Más recientemente, en enero de 2026, la hermana conocida como Sor Myriam, quien se encargaba de la cocina en el restaurante que las monjas cismáticas habían abierto en Arriondas (Asturias), se acogió a la figura canónica de “ausencia comunitaria”, lo que implica su salida temporal o permanente del monasterio con permiso de la autoridad eclesiástica. Según la visión de la Iglesia Católica, la legítima comunidad de Belorado subsiste en las cuatro hermanas mayores que aún viven y en Sor Amparo, quienes no se unieron al movimiento sedevacantista.
En su carta, Mons. Iceta, que ejerce como Comisario Pontificio para los monasterios de Santa Clara de Belorado y Derio, así como el de Orduña, subrayó la naturaleza de la excomunión. La calificó como una “acción jurídica considerada por la Iglesia como una medida medicinal, que mueve a la reflexión y a la conversión personal”. Esta perspectiva resalta el objetivo pastoral de la pena canónica, buscando la enmienda y el retorno del fiel.

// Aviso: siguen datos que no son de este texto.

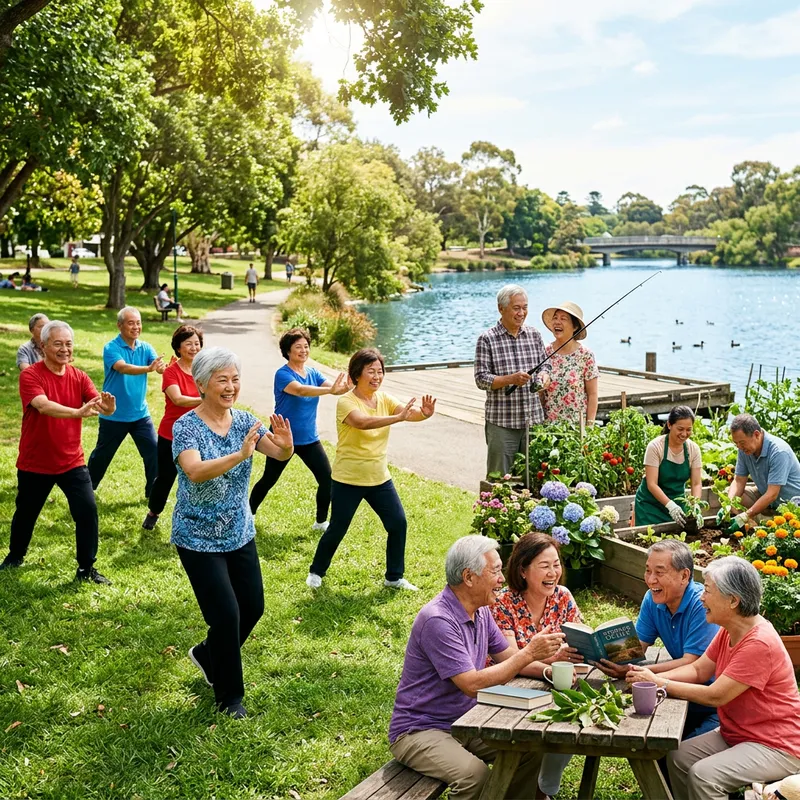 A vibrant scene showcasing a group of joyful senior citizens of Asian descent leading a positive lifestyle. Several individuals are engaged in a variety of invigorating activities, like practicing Tai Chi in a lush green park, enjoying hobbies like painting, birdwatching, or fishing by a tranquil lake, discussing a book in a cozy corner, or nurturing plants in a community garden. They are all dressed in comfortable, brightly colored attire, radiating positivity and verve. The backgrounds are colorful and full of life, with sun-rays illuminating the scene, suggesting daytime.

El prelado, quien desde el inicio de la rebelión cismática ha hecho reiterados llamamientos a la conversión, enfatizó la misericordia inherente a la Iglesia. “La Iglesia muestra siempre sus entrañas de misericordia y, como Madre, está dispuesta a acoger a sus hijos que, como el hijo pródigo, confían en la misericordia de Dios y emprenden el camino de vuelta a la casa del Padre”, expresó Mons. Iceta, apelando a una de las parábolas más significativas del Evangelio para ilustrar la disposición de la Iglesia a perdonar y readmitir.
En este contexto de reconciliación, el Arzobispo de Burgos instó a las clarisas a encomendar a las dos hermanas que regresan y a “acogerlas con afecto fraterno y a alegraros por estas hermanas que regresan a casa”. Su mensaje final, que cita las palabras de Jesús en el Evangelio según San Lucas (15:7) –“Habrá más alegría en el cielo por un solo pecador que se convierta que por noventa y nueve justos que no necesitan convertirse”–, encapsula el espíritu de celebración y esperanza que acompaña este perdón. La reincorporación de Sor Paz y Sor Adriana representa un rayo de esperanza en una situación compleja, reafirmando el compromiso de la Iglesia con la misericordia y la posibilidad de redención para aquellos que buscan retornar a su seno.